◆ INSTRUCTIONS TO FOLLOW ◆
Retype exactly the span of lines below from the one with "A group of experiments" through the one with "2021年5月25日的東臺(tái)服務". Do not include pictures.

◆ THE DATA ◆
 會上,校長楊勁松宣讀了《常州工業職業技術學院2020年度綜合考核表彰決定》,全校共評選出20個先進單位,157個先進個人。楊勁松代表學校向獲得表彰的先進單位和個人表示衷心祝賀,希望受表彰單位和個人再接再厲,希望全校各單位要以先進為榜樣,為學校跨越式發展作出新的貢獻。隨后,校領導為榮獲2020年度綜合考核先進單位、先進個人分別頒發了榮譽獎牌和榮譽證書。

--

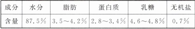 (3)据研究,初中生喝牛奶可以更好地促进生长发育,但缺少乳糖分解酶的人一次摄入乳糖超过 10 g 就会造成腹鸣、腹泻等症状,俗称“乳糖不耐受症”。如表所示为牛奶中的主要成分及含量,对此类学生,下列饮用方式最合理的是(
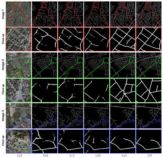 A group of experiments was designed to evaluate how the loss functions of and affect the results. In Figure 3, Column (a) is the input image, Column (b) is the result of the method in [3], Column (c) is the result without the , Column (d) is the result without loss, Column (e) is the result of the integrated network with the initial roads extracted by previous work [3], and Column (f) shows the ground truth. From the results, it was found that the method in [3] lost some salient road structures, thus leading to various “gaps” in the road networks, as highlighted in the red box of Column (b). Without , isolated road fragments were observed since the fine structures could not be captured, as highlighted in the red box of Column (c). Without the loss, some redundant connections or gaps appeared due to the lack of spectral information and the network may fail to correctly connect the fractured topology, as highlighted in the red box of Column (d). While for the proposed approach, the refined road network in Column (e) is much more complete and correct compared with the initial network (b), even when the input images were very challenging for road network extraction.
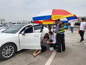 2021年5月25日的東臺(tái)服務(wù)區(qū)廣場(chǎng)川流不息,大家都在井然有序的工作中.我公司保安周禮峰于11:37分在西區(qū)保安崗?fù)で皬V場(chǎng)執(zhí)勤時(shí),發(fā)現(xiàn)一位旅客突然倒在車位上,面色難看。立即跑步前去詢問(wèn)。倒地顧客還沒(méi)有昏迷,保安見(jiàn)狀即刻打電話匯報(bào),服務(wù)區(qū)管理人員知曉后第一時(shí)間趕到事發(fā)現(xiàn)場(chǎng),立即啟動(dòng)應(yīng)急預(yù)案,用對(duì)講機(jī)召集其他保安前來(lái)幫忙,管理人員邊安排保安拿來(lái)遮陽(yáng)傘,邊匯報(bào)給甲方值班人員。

◆ FINISHED EXERCISE ◆
 A group of experiments was designed to evaluate how the loss functions of and affect the results. In Figure 3, Column (a) is the input image, Column (b) is the result of the method in [3], Column (c) is the result without the , Column (d) is the result without loss, Column (e) is the result of the integrated network with the initial roads extracted by previous work [3], and Column (f) shows the ground truth. From the results, it was found that the method in [3] lost some salient road structures, thus leading to various “gaps” in the road networks, as highlighted in the red box of Column (b). Without , isolated road fragments were observed since the fine structures could not be captured, as highlighted in the red box of Column (c). Without the loss, some redundant connections or gaps appeared due to the lack of spectral information and the network may fail to correctly connect the fractured topology, as highlighted in the red box of Column (d). While for the proposed approach, the refined road network in Column (e) is much more complete and correct compared with the initial network (b), even when the input images were very challenging for road network extraction.
 2021年5月25日的東臺(tái)服務(wù)區(qū)廣場(chǎng)川流不息,大家都在井然有序的工作中.我公司保安周禮峰于11:37分在西區(qū)保安崗?fù)で皬V場(chǎng)執(zhí)勤時(shí),發(fā)現(xiàn)一位旅客突然倒在車位上,面色難看。立即跑步前去詢問(wèn)。倒地顧客還沒(méi)有昏迷,保安見(jiàn)狀即刻打電話匯報(bào),服務(wù)區(qū)管理人員知曉后第一時(shí)間趕到事發(fā)現(xiàn)場(chǎng),立即啟動(dòng)應(yīng)急預(yù)案,用對(duì)講機(jī)召集其他保安前來(lái)幫忙,管理人員邊安排保安拿來(lái)遮陽(yáng)傘,邊匯報(bào)給甲方值班人員。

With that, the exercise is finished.